What is this cn represent? cn is the representative j-1bit the next value, that value represents j-1the prefix and suffix bits maximum. The maximum value is 1, indicating that he was the first and last are equal. Then compare his second ( str2[cn]) and the last bit of the next ( str2[j-1]) are equal. Equal,next[6] = ++cn = 2 . Unequal how to do? Divided into two cases.
cn > 0,cn = next[cn]cn<= 0,next[j] = 0
Here is why, is to continue in the case of sub-sub-strings, and to find str[j-1]an equal cn, if not find it? How to do that next[j] = 0.
Code:
public static int[] getNextArray(char []str) {
if(str.length == 1) {
return new int [] {-1};
}
int next[] = new int [str.length];
next[0] = -1;
next[1] = 0;
int i = 2;
int cn = 0;
while( i < str.length) {
if(str[i-1] == str[cn]) {
next[i++] = ++cn;
}else if(cn > 0) {
cn = next[cn];
}else {
next[i++] = 0;
}
}
return next;
}Summary of what
- Violent solution, and more to write, write it twice skilled.
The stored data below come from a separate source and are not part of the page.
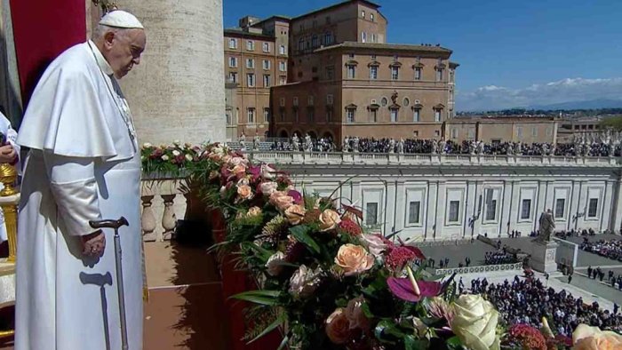 Bizim.Media xəbər verir ki, xristian aləminin ən ali bayramı – Pasxa bayramı günündə Vatikanın Müqəddəs Pyotr meydanında katoliklərin ruhani lideri Papa Fransisk “Papamobile” adlı avtomobili ilə meydana toplaşanları salamlayıb. Roma Katolik Kilsəsinin rəhbəri ənənəvi “Urbi et Orbi” (“Romaya və dünyaya”) bayram xeyir-duasını oxuyub, çıxış edib və Pasxa təbrikini çatdırıb.
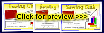 A group of 5 simple certificates to present to members of various sports clubs: football team, tag-rugby team, netball team, Dance Club, and athletics team.
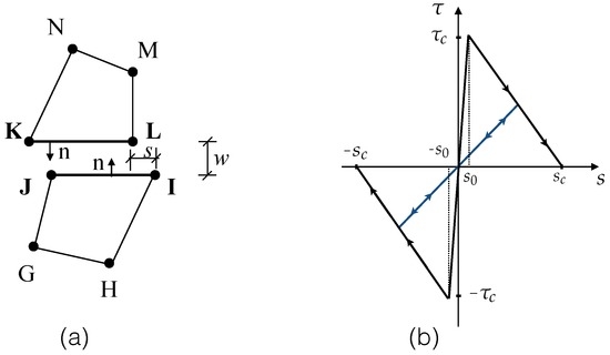 (a) A 2D interface element I-J-K-L formed between two four-node solid elements G-H-I-J and K-L-M-N, where s and w are the tangential and normal displacement jumps, and n is the normal direction of the two line segments; (b) the bond-slip law (shown for a linear-decreasing case).
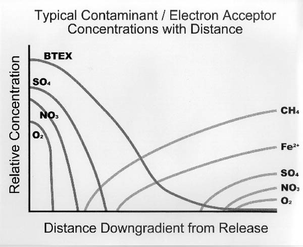 A cross-sectional diagram of the concentrations of contaminant, electron acceptors, and products drawn along the length of the plume typically indicates decreasing contaminant concentrations down-gradient, with the disappearance of the electron acceptors in the order of energy preference (see Figure II-11).

- KMP specific implementation, there are three cases. Equal to the element, the element and the next range is not equal to -1, and the next element unequal equal to -1.
- Solving method next, but also three cases. Cn and j-1 is equal to the corresponding elements, and the elements corresponding ranging cn> 0, and the corresponding elements of unequal cn <= 0.
No. stul public update synchronization algorithm learning process, welcome attention.